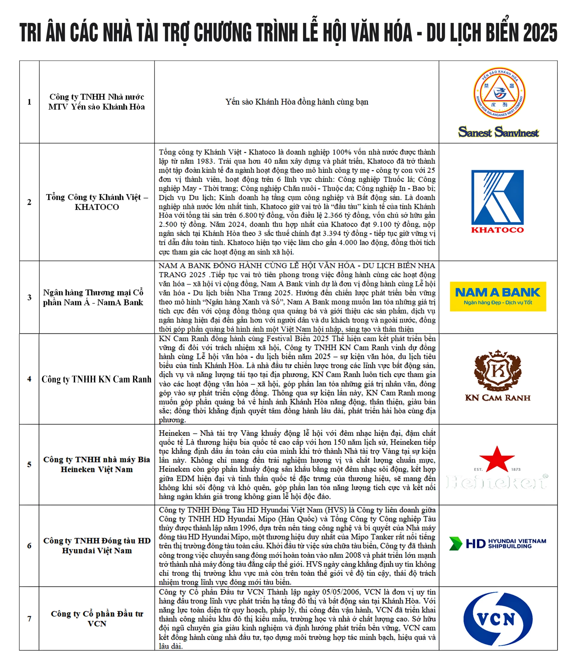 Tri ân các nhà tài trợ chương trình Lễ hội Văn hóa - Du lịch biển 2025
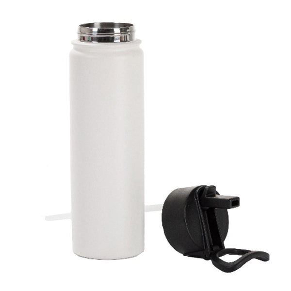 The flask's powder-coated finish not only enhances its resistance to scratches and wear but also provides a sleek, attractive look. Available in White, or Black, it allows for personal customization to suit your style or branding needs through laser engraving.
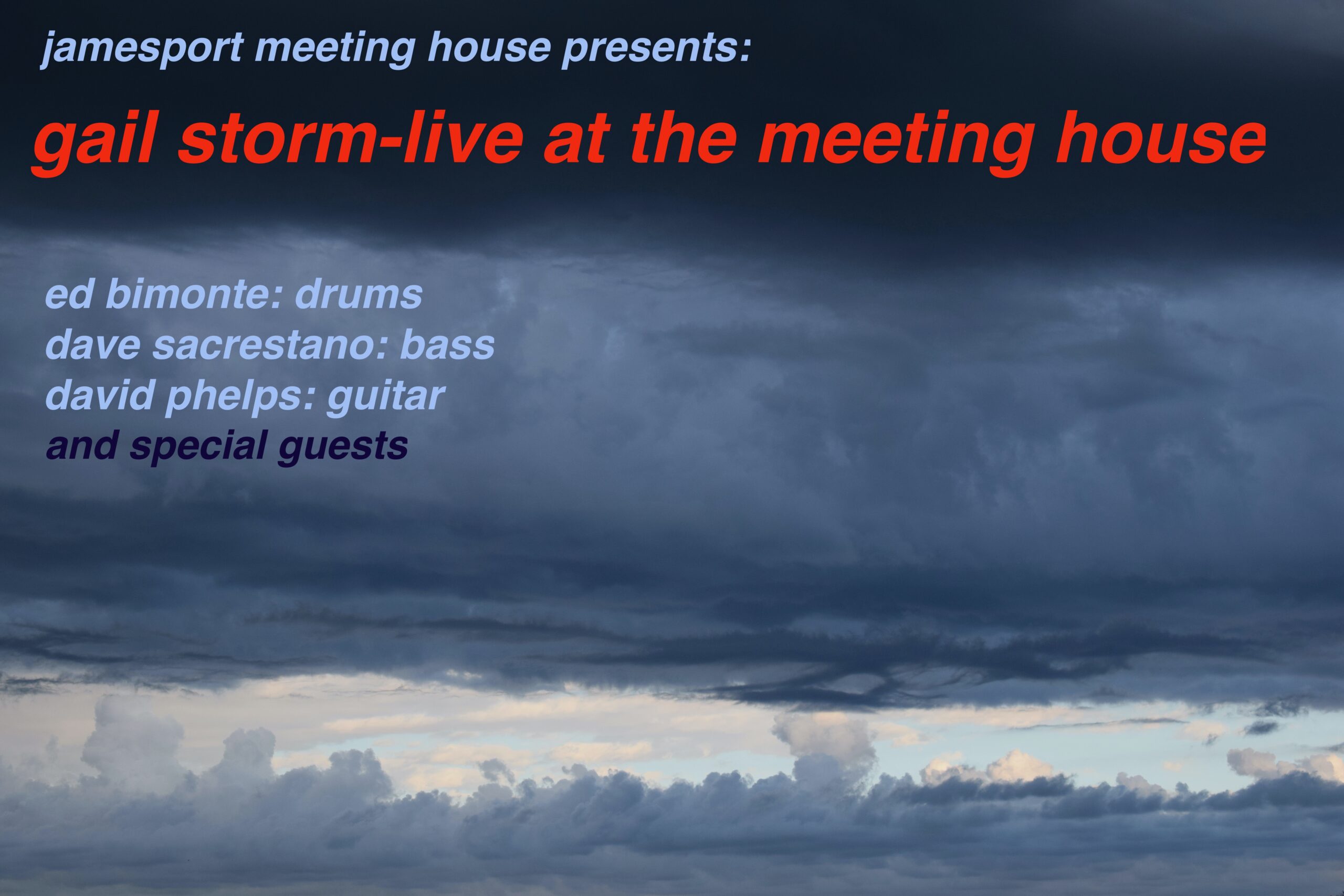 North Fork singer/songwriter/pianist Gail Storm will present her original blues/jazz-infused soundscape at the Jamesport Meeting House on Saturday, November 1 at 7:30 p.m. The concert will feature Gail Storm at piano and on vocals, joined by Ed Bimonte on drums, Dave Sacresanto on bass, David Phelps on guitar and other special guests. Tickets are only $20 and include a reception with the artists following the concert. Advance purchase is recommended. Please note that the performance will be recorded. For more information about the artist visit: www.gailstormmusic.com.
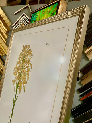 When selecting a style for antique botanical prints, we looked to nature to find the perfect frame. Since the grassy reeds and botanical flowers go naturally hand-in-hand, we selected a hand-carved rounded reed frame to reward the artist's rendering of the botanical flower. Thereby, picking up on the "transition" concept, we visualized the reed frame separating the artwork from the living space.
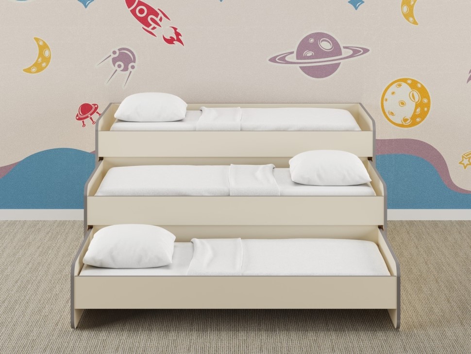 Раздвижная кровать из коллекции «НЕГА» — это удобное и функциональное решение для спальной зоны детского сада. Трехсекционная конструкция позволяет легко раздвигать спальные места, создавая комфортные и безопасные условия для сна детей и оптимизируя пространство группы.
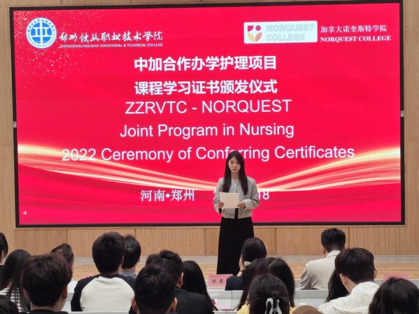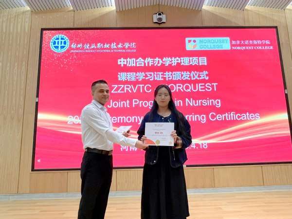 仪式上,加拿大诺奎斯特学院代表为2022级学生颁发了课程学习证书,标志着同学们在国际化护理人才培养道路上迈出了坚实一步。此次仪式不仅是对学生学习成果的肯定,更是对中加教育合作成果的生动展示,为项目持续健康发展奠定了坚实基础。

▬▬▬▬▬▬▬▬▬▬

Copy out exactly the lines that begin at the line with "North Fork singer/songwriter/pianist" and end at the final line of the entries above. Leave out the pictures.

### SOLUTION BELOW
 North Fork singer/songwriter/pianist Gail Storm will present her original blues/jazz-infused soundscape at the Jamesport Meeting House on Saturday, November 1 at 7:30 p.m. The concert will feature Gail Storm at piano and on vocals, joined by Ed Bimonte on drums, Dave Sacresanto on bass, David Phelps on guitar and other special guests. Tickets are only $20 and include a reception with the artists following the concert. Advance purchase is recommended. Please note that the performance will be recorded. For more information about the artist visit: www.gailstormmusic.com.
 When selecting a style for antique botanical prints, we looked to nature to find the perfect frame. Since the grassy reeds and botanical flowers go naturally hand-in-hand, we selected a hand-carved rounded reed frame to reward the artist's rendering of the botanical flower. Thereby, picking up on the "transition" concept, we visualized the reed frame separating the artwork from the living space.
 Раздвижная кровать из коллекции «НЕГА» — это удобное и функциональное решение для спальной зоны детского сада. Трехсекционная конструкция позволяет легко раздвигать спальные места, создавая комфортные и безопасные условия для сна детей и оптимизируя пространство группы.
 仪式上,加拿大诺奎斯特学院代表为2022级学生颁发了课程学习证书,标志着同学们在国际化护理人才培养道路上迈出了坚实一步。此次仪式不仅是对学生学习成果的肯定,更是对中加教育合作成果的生动展示,为项目持续健康发展奠定了坚实基础。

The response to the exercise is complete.